Tumor heterogeneity means that different tumor cells lead to distinct morphological and phenotypic lesions, with different cell morphology, gene expression, metabolism, microenvironment, proliferation and possibility of metastatic lesions.

Malignant brain tumors have unsatisfactory results, despite advanced multimodal treatments with neurosurgery, oncology and chemotherapy.
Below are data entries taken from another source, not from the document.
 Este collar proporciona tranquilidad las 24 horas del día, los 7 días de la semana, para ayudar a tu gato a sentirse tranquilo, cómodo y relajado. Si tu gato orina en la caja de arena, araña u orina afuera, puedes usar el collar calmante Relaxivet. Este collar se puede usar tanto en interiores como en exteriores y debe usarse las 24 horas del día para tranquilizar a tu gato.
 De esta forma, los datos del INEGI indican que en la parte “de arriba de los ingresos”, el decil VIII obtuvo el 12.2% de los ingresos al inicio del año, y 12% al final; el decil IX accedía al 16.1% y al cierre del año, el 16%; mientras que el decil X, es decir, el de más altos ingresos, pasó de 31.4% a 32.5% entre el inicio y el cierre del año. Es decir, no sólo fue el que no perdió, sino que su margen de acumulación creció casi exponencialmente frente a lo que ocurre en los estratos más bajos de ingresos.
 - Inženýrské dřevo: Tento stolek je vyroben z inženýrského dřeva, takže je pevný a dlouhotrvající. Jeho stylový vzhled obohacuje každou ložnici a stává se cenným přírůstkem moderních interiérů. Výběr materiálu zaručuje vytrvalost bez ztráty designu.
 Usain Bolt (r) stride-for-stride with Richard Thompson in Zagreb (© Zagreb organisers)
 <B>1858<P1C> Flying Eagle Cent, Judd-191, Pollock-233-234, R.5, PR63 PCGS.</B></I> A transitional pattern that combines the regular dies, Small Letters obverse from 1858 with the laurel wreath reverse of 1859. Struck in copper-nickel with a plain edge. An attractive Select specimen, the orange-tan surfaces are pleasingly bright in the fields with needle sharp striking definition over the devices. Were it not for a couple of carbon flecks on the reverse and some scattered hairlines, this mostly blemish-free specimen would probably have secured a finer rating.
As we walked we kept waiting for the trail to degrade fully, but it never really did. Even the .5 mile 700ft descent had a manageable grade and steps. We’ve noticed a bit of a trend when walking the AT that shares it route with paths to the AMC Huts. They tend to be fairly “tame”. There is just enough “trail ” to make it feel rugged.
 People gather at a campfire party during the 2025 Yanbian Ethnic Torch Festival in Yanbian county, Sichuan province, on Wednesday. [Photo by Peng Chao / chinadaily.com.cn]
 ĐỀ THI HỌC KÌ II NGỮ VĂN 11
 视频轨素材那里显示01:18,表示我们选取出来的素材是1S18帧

In adults, glioblastoma multiforme (GBM) is the most aggressive and most common malignant brain tumor, with a global survival of patients of between 4 to 6 months without treatment, and of 14 months with multimodal therapy.[1]

In addition, brain tumors represent the leading cause of mortality in children, with medulloblastoma (MB) being the first cause.[2] Recently, transcriptional studies showed distinct molecular subgroups of MB, which differ among themselves in demographic data, transcriptomes, genetics, and prognosis. These studies not only established genetic subtypes, but also paved the way for the pathogenesis of MB and the possibility of cerebellar stem cells precursors.[3] [4]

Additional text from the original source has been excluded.